▸ WHAT YOU NEED TO DO: Repeat everything in the data exactly except images.
· · · ·
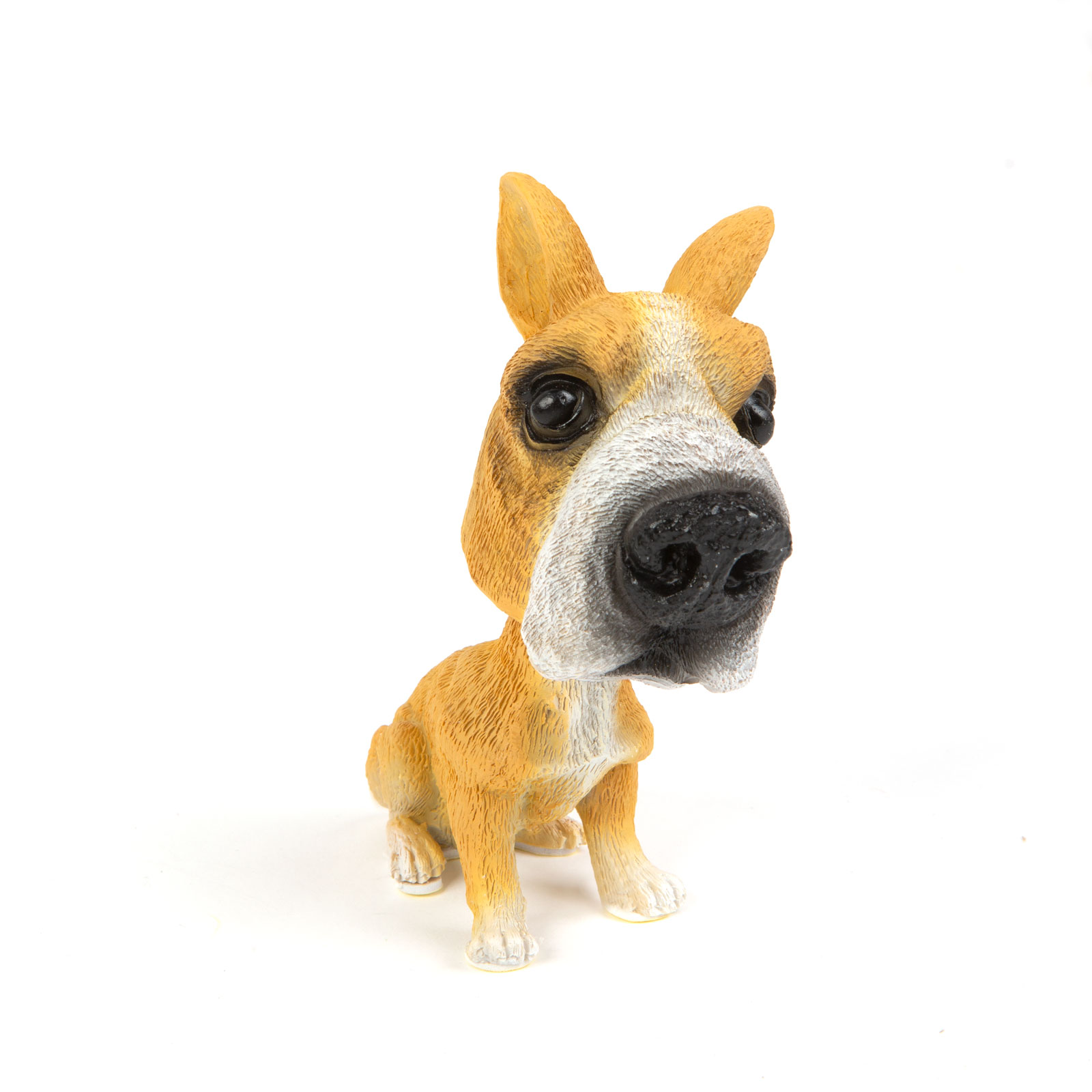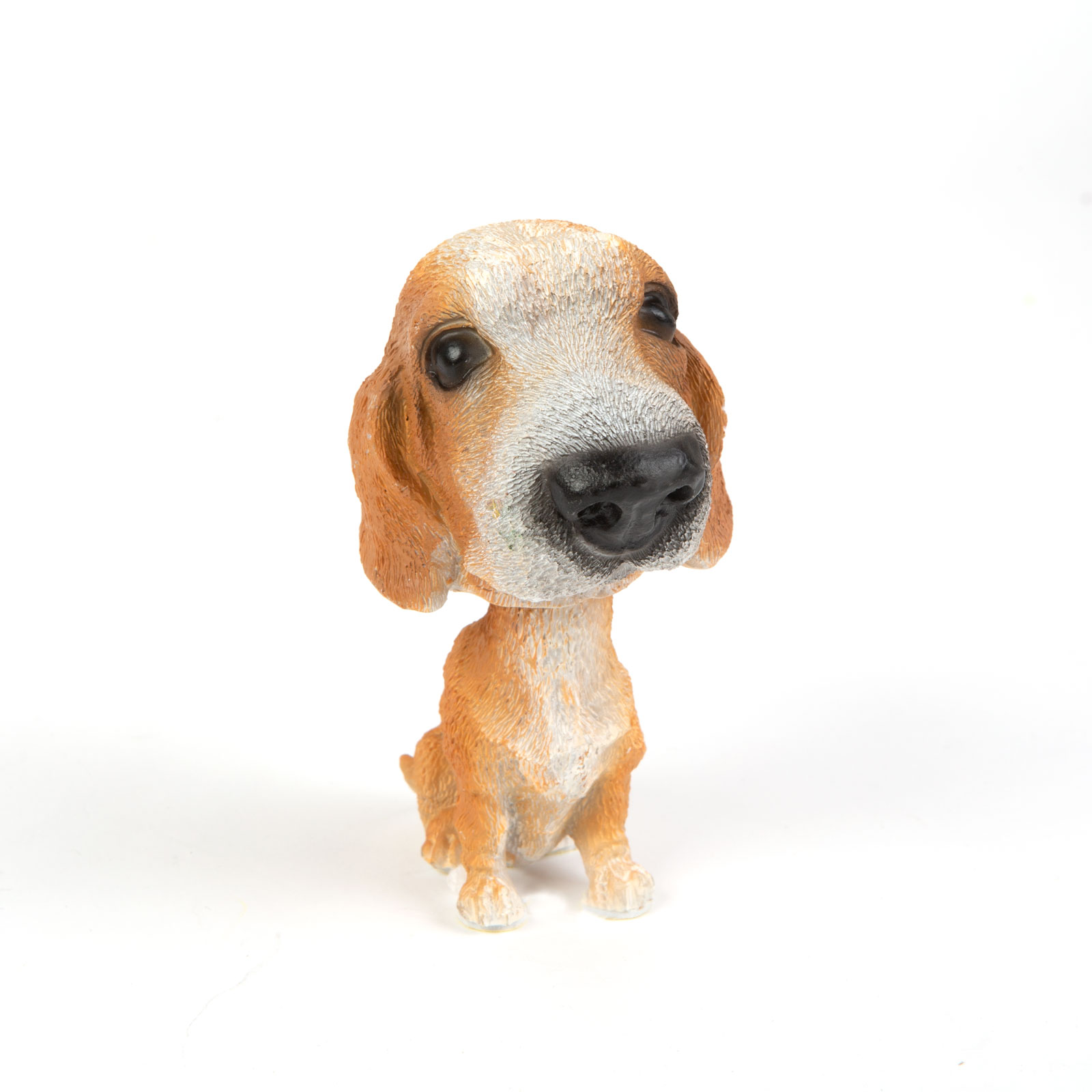 Cine nu ar cunoaste marele clasic, cainele care da din cap, care este din nou in zilele sale de glorie! Poate fi un decor nostim pentru masinile retro si moderne, si poate fi asezat pe suportul de palarie sau pe bord. Miscarea capului este in functie de miscarea vehiculului.
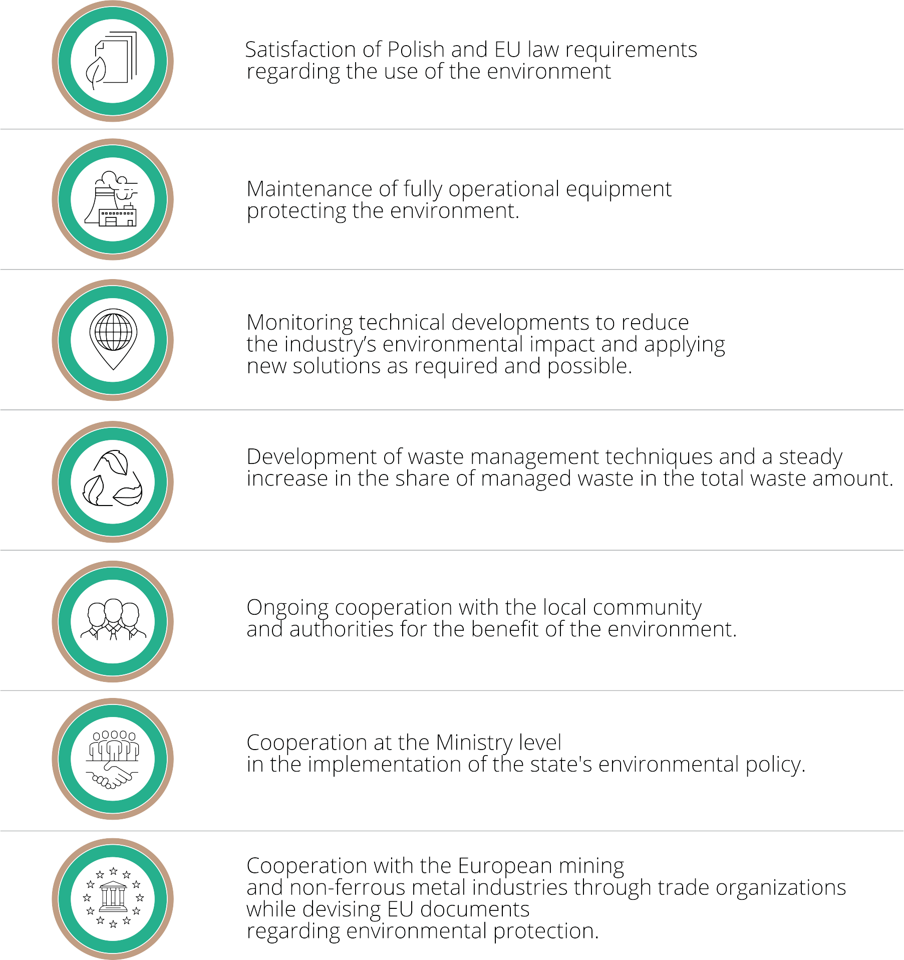 The aforementioned activities in three thematic groups related to natural environment protection and minimization of inconvenience related to operations are implemented in KGHM Polska Miedź S.A. thanks to the KGHM environmental policy and KGHM energy policy, which set the highest ecological and environmental standards for the Company.
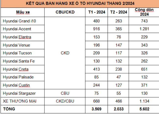 Tháng 2 năm 2024 là thời điểm nghỉ Tết nguyên đán, dẫn đến doanh số của Hyundai nói riêng cũng như toàn thị trường nói chung suy giảm. Khi qua thời gian nghỉ Tết, thị trường được ổn định trở lại sẽ mang kì vọng vào mức doanh số tăng trưởng cao hơn trong các tháng kinh doanh tiếp theo.
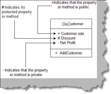 In order to represent visibility for properties and methods in class diagram we need to place symbols next to each property and method as shown in figure "Private, Public and Protected". "+" indicates that it's public properties/methods. "-"indicates private properties which means it can not be accessed outside the class. "#" indicate protected/friend properties. Protected properties can only be seen within the component and not outside the component.
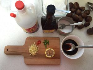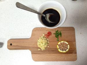 将切好的蒜和辣椒放在碗里,加上白醋,生抽,香油,白糖搅拌均匀,调好
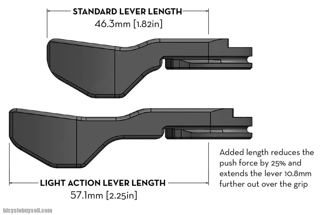 Low-profile, Light Action lever: The ReMote LA lever sits close to the bar, minimizing the distance the thumb must be removed from the grip while reducing the likelihood of knee contact in technical terrain and adds a bit of extra length to overcome stiff dropper internals.
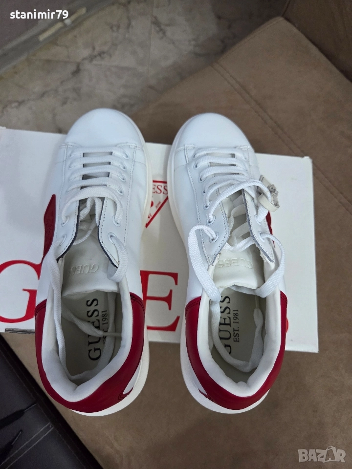 Нови сникърси GUESS 40 номер 2 чифта-бяло/черно и бяло/червено. Естествена кожа. Обувани пп 1-2 пъти и са като нови.Цената е за чифт.Спиди/еконт.
· · · ·
▸ SOLUTION FOR THIS EXERCISE:
 Cine nu ar cunoaste marele clasic, cainele care da din cap, care este din nou in zilele sale de glorie! Poate fi un decor nostim pentru masinile retro si moderne, si poate fi asezat pe suportul de palarie sau pe bord. Miscarea capului este in functie de miscarea vehiculului.
 The aforementioned activities in three thematic groups related to natural environment protection and minimization of inconvenience related to operations are implemented in KGHM Polska Miedź S.A. thanks to the KGHM environmental policy and KGHM energy policy, which set the highest ecological and environmental standards for the Company.
 Tháng 2 năm 2024 là thời điểm nghỉ Tết nguyên đán, dẫn đến doanh số của Hyundai nói riêng cũng như toàn thị trường nói chung suy giảm. Khi qua thời gian nghỉ Tết, thị trường được ổn định trở lại sẽ mang kì vọng vào mức doanh số tăng trưởng cao hơn trong các tháng kinh doanh tiếp theo.
 In order to represent visibility for properties and methods in class diagram we need to place symbols next to each property and method as shown in figure "Private, Public and Protected". "+" indicates that it's public properties/methods. "-"indicates private properties which means it can not be accessed outside the class. "#" indicate protected/friend properties. Protected properties can only be seen within the component and not outside the component.
 将切好的蒜和辣椒放在碗里,加上白醋,生抽,香油,白糖搅拌均匀,调好
 Low-profile, Light Action lever: The ReMote LA lever sits close to the bar, minimizing the distance the thumb must be removed from the grip while reducing the likelihood of knee contact in technical terrain and adds a bit of extra length to overcome stiff dropper internals.
 Нови сникърси GUESS 40 номер 2 чифта-бяло/черно и бяло/червено. Естествена кожа. Обувани пп 1-2 пъти и са като нови.Цената е за чифт.Спиди/еконт.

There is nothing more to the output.